"Upon my word," she said, "I've known a good many selfish men, but I never before saw one who would not have taken the bread out of his mouth to give to a hungry woman."
Her rescuer looked at her unshaken. "You don't think that was just?" he inquired.
"I am not talking of justice, but of chivalry," replied Miss Wilbur passionately. "Of consideration for the weak. You are physically stronger than I—"
"And I intend to remain so."
"At my expense?"
"If you fell ill, I should be sorry. If I fell ill, you would die." He turned away sharply, but half-way up to the beach thought better of it and returned.
"See here," he said, "I'm an irritable man, and a tired man. This whole thing isn't going to be easy for either of us. And what do we find, the first crack out of the box? That you are not only incompetent, but that you want to be social and pleasant over it. Great Scott! what folly! Well, if it's any satisfaction to you, I know I'm not behaving well either. But you don't seem aware of even that much, or of anything, indeed"—he smiled faintly—"except your own good looks."
He left her to meditate.
Battle, murder, and sudden death are not as great a shock to some people as their own failure to please. Miss Wilbur, being incapable of looking within for the cause of this phenomenon, looked at her companion. Evidently he was a peculiar, nervous sort of a creature, and, after all, had he been so successful? He hardly came up to the desert-island standard set by the father of the Swiss Family Robinson. She reviewed him with a critical eye. He was a nice-looking young man of the clean-shaven type. He lacked the great air, she told herself, which was not surprising, since eighteen months before there had been nothing whatever to distinguish him from any of the other shrewd young men produced in such numbers by the State of Connecticut. But chance had waved her wand, and it had fallen to his lot to head a congenial band of patriots who, controlling a group of trolleys, had parted with them at a barefaced price to the New York, New Haven and Hartford Railway. Since this coup he had rather rested on his laurels, spending most of his time with a classmate in New York, where he had acquired a tailor and had succeeded in getting himself elected to the directorate of The General Fruit Company—an organization which, as every Italian vender knows, deals in such miscellaneous commodities as bananas, hides, coffee, rubber, sugar, copper-mines, and narrow-gauge railroads along the Caribbean shores, with an argosy for transportation to Spokane, New Orleans, Baltimore, Boston, Bristol, or Bordeaux.
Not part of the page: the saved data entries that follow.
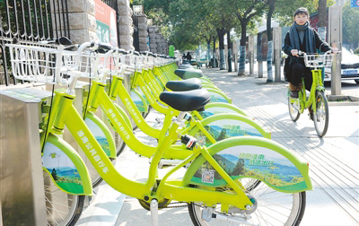 安徽淮南,一位市民在騎公共自行車。 人民視覺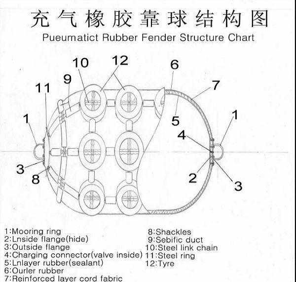 青島新城充氣橡膠靠球是采用掛膠簾子布作骨架材料制作而成的橡膠密閉容器,靠球內(nèi)充滿壓縮空氣后可浮于水面,以做為船與船靠泊STS (ship and ship)和船與碼頭靠泊STD(ship and dock)的重要緩沖介質(zhì).同時充氣橡膠靠球可吸收船舶運動的沖擊能量,減小船舶的反沖力,提高船舶停泊的安全性.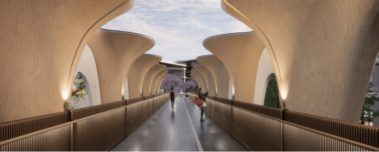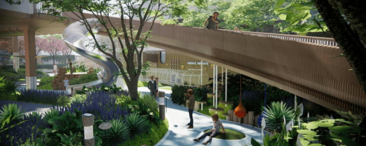下楼就是未来市集、绿谷街区、理想跃动馆、韧性公园……高线云廊将所有生活场景无缝串联。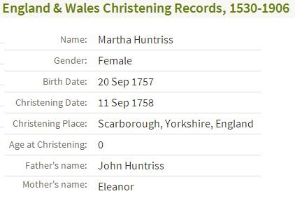 Martha HUNTRISS, 1758, age 1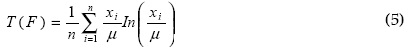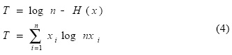 donde: xi es la porción de ingreso que recibe el individuo i, y cuando todas las xi son iguales a (1/n), H(x) alcanza su valor máximo, (log n); H(x) es la medida de entropía esperada de la situación, considerada como la suma del contenido informativo de cada suceso ponderado por su probabilidad; T es la medida de desigualdad o índice de Theil, y n, el número total de datos.6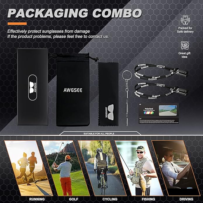 • USE OCCASIONS ► AWGSEE polarized sunglasses help reduce glare and provide extra clarity while keeping your eyes protected. Is ideal for usage by motorcycle and cycling, driving, running, fishing, climbing, golf, trekking or other outdoor activity enthusiasts.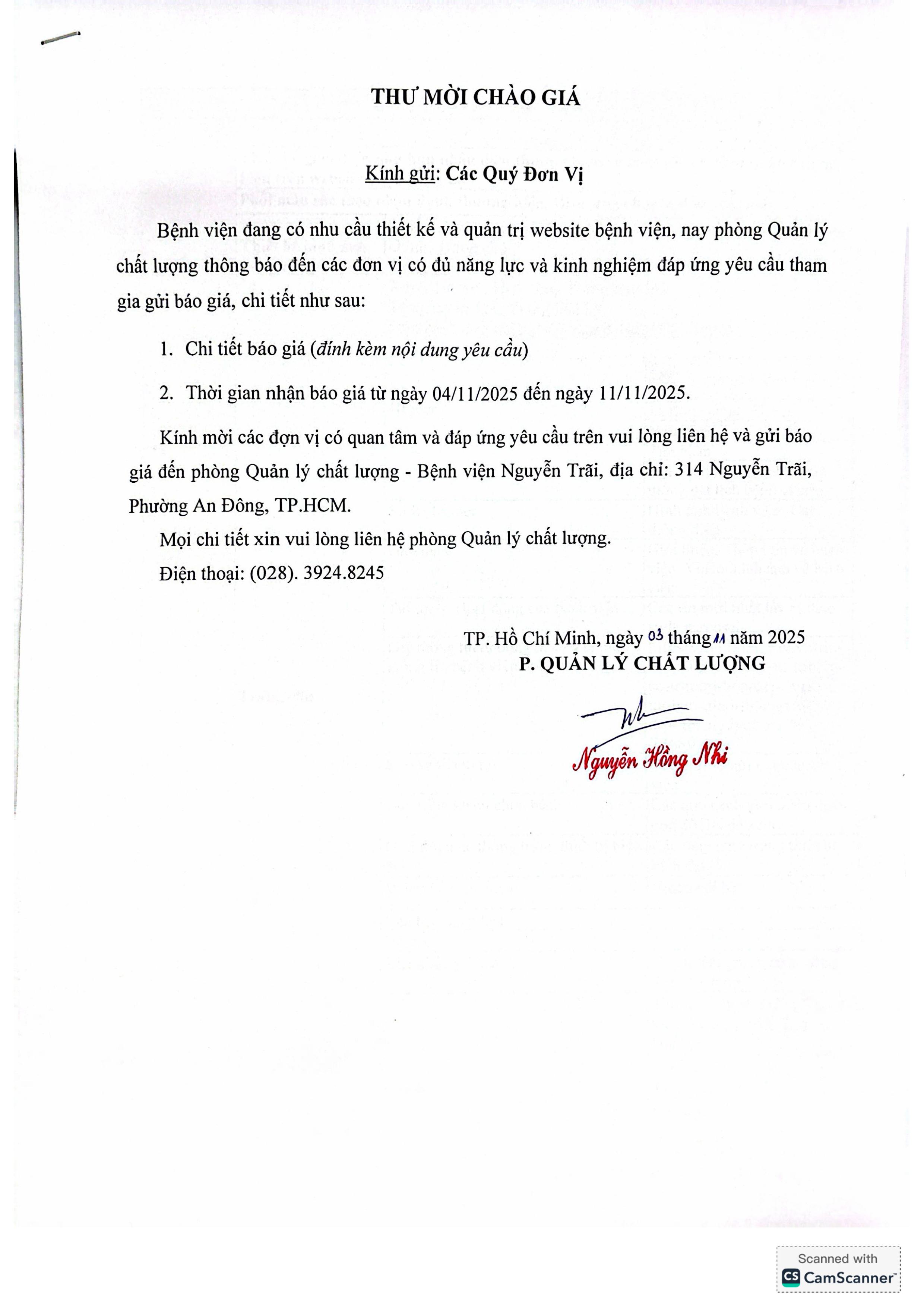 Thư mời chào giá Bệnh viện đang có nhu cầu thiết kế và quản trị website bệnh viện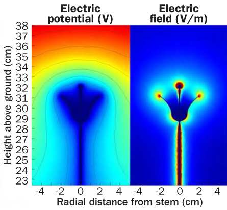 Plants, a bit like lightning rods, tend to conduct electrical charges to the ground, Robert says. And bees pick up a positive charge from the atmosphere’s invisible rain of charged particles.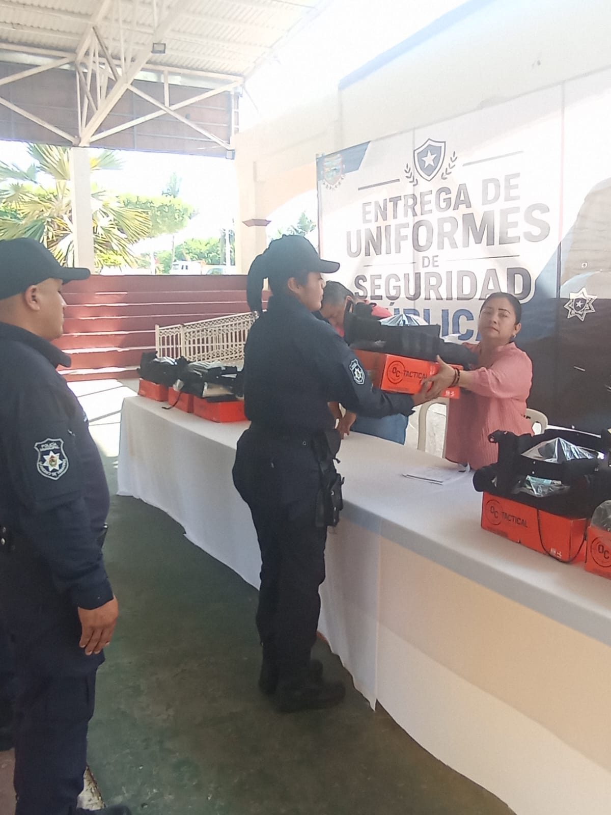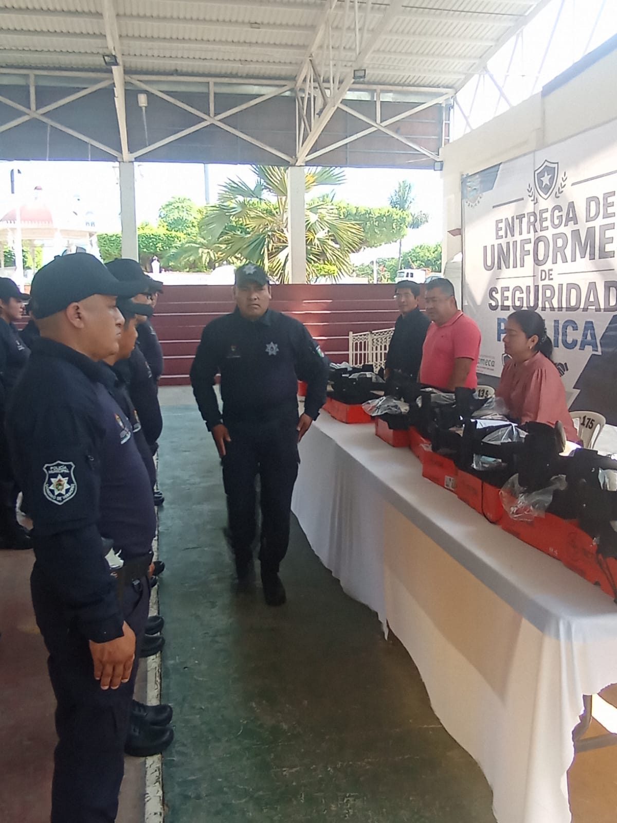Chinameca, Ver.- En cumplimiento con el compromiso de mejorar las condiciones para los elementos de la Policía Municipal de Chinameca, el alcalde Santiago Cortés Padua, realizó la entrega de uniformes a los elementos de esta corporación con la finalidad de dotar a los trabajadores de la indumentaria necesaria para desempeñar sus labores, así como la entrega de botas, cinturones, playeras, equipo de fornitura, porta esposas, porta gases, funda para pistola, funda para PR 24, bastón retráctil esposas y chalecos balísticos equipado incluye cargadores.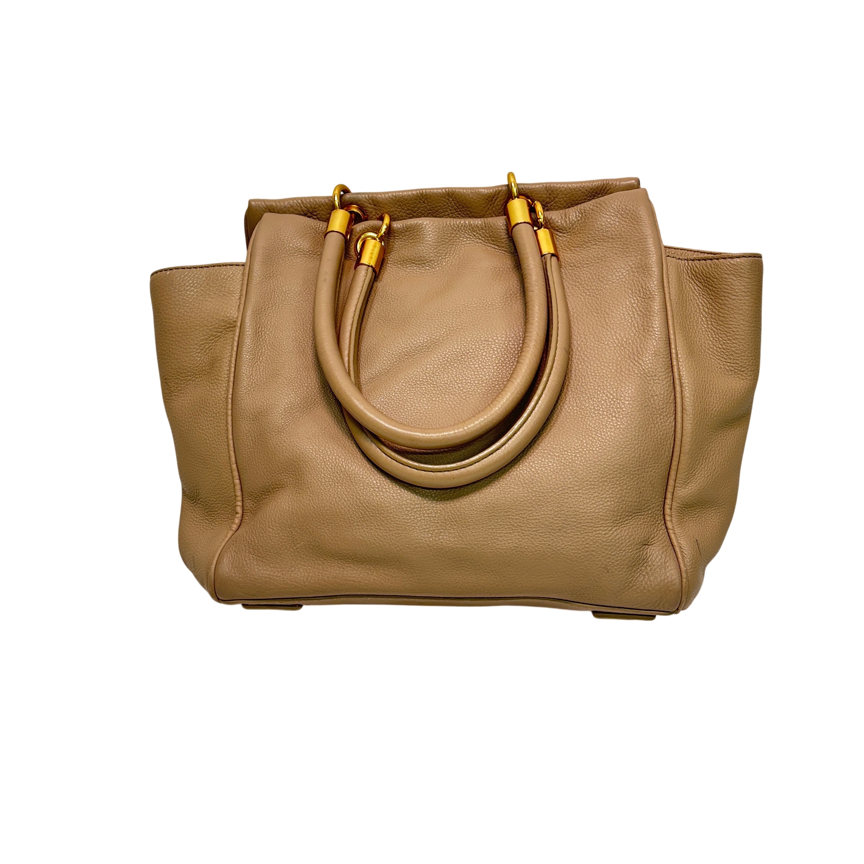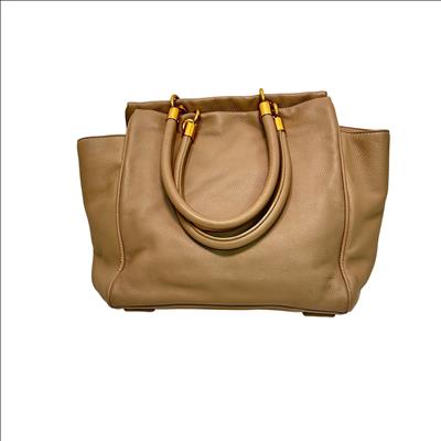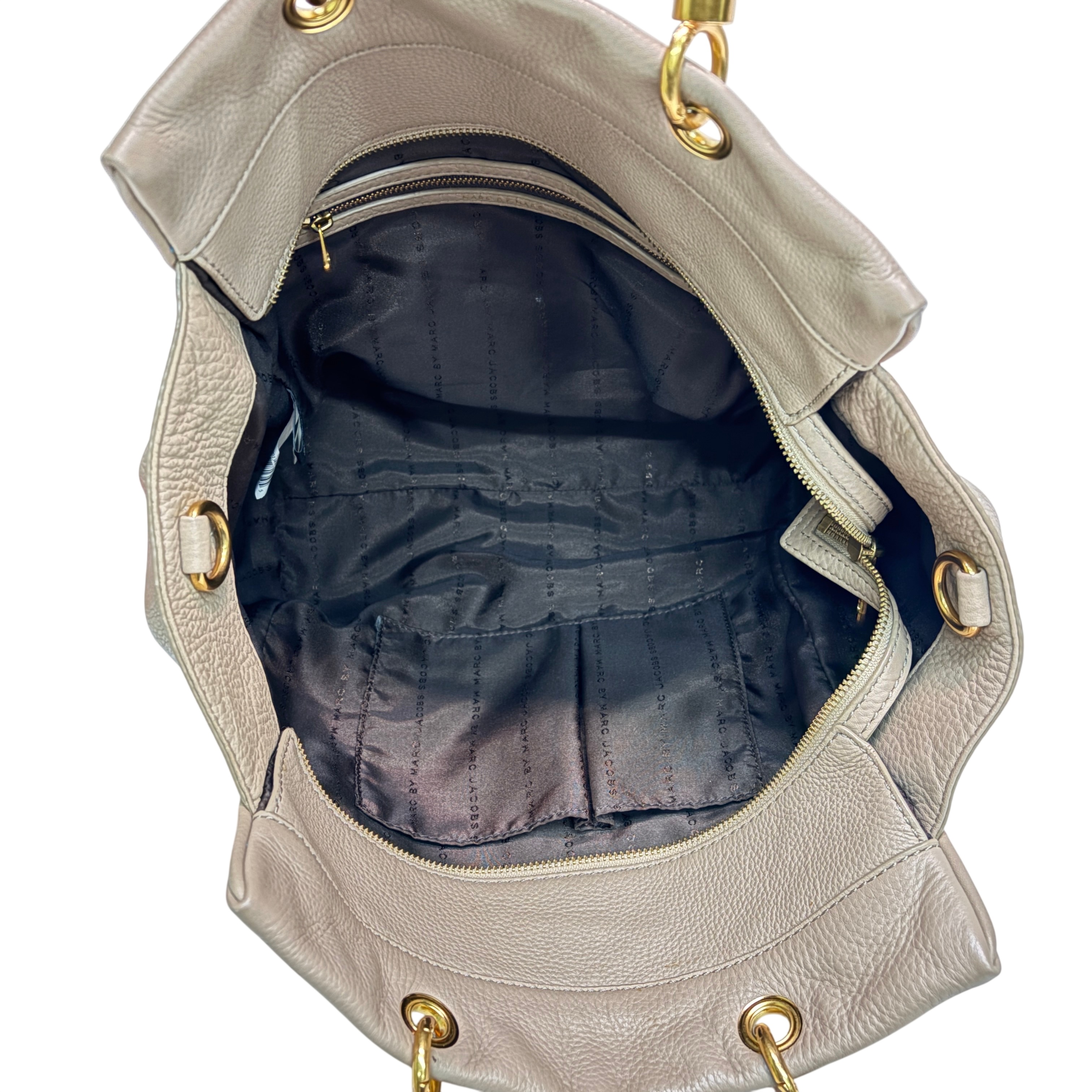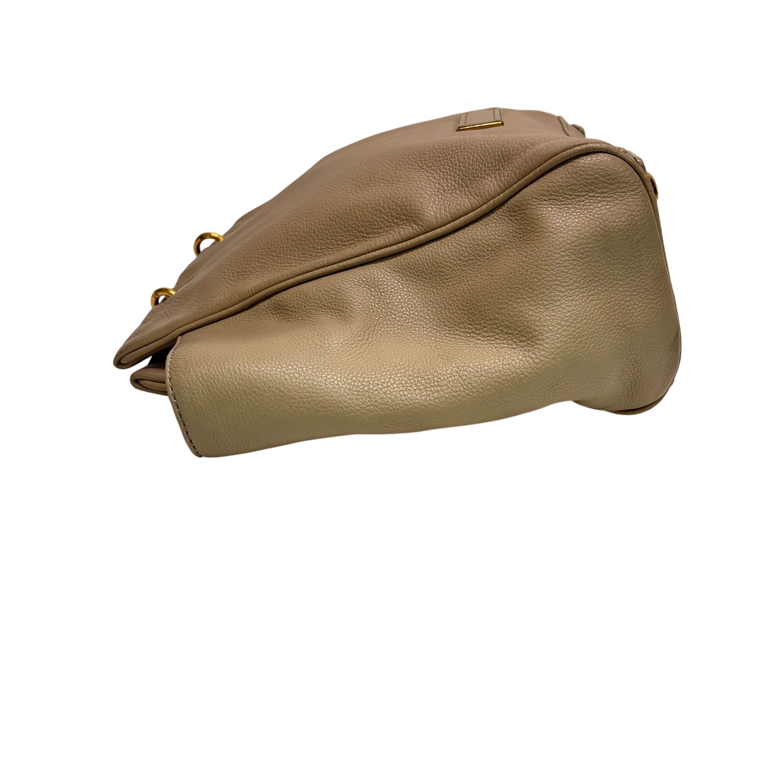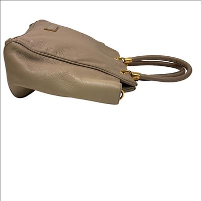 Marc Jacobs BENTLEY TOO HOT TO HANDLE Purse is crafted from high-quality beige leather with elegant gold-tone hardware accents. This stylish handbag features double rounded handles for comfortable carrying and a spacious interior perfect for organizing daily essentials.

For some reason his mastery of the desert island was not complete. His race's traditional handiness seemed to be slightly in abeyance; perhaps because luck was against him, perhaps on account of a too pervasive feminine presence. But for whatever reason, things did not improve. Nothing came ashore from the wreck—not even when, after a small gale, it turned over and disappeared. The banana shelter leaked in the rain, and as Miss Wilbur sat steaming in the sunshine which immediately succeeded she felt inclined to attribute all her discomforts to Spens. He seemed to have no faculty whatever for evolving things out of nothing, which, she had always understood, was the great occupation of desert-island life. Their food continued to be bananas and cocoanuts, varied by an occasional fish; and, instead of being apologetic for such meagre fare, he seemed to think she ought to be grateful.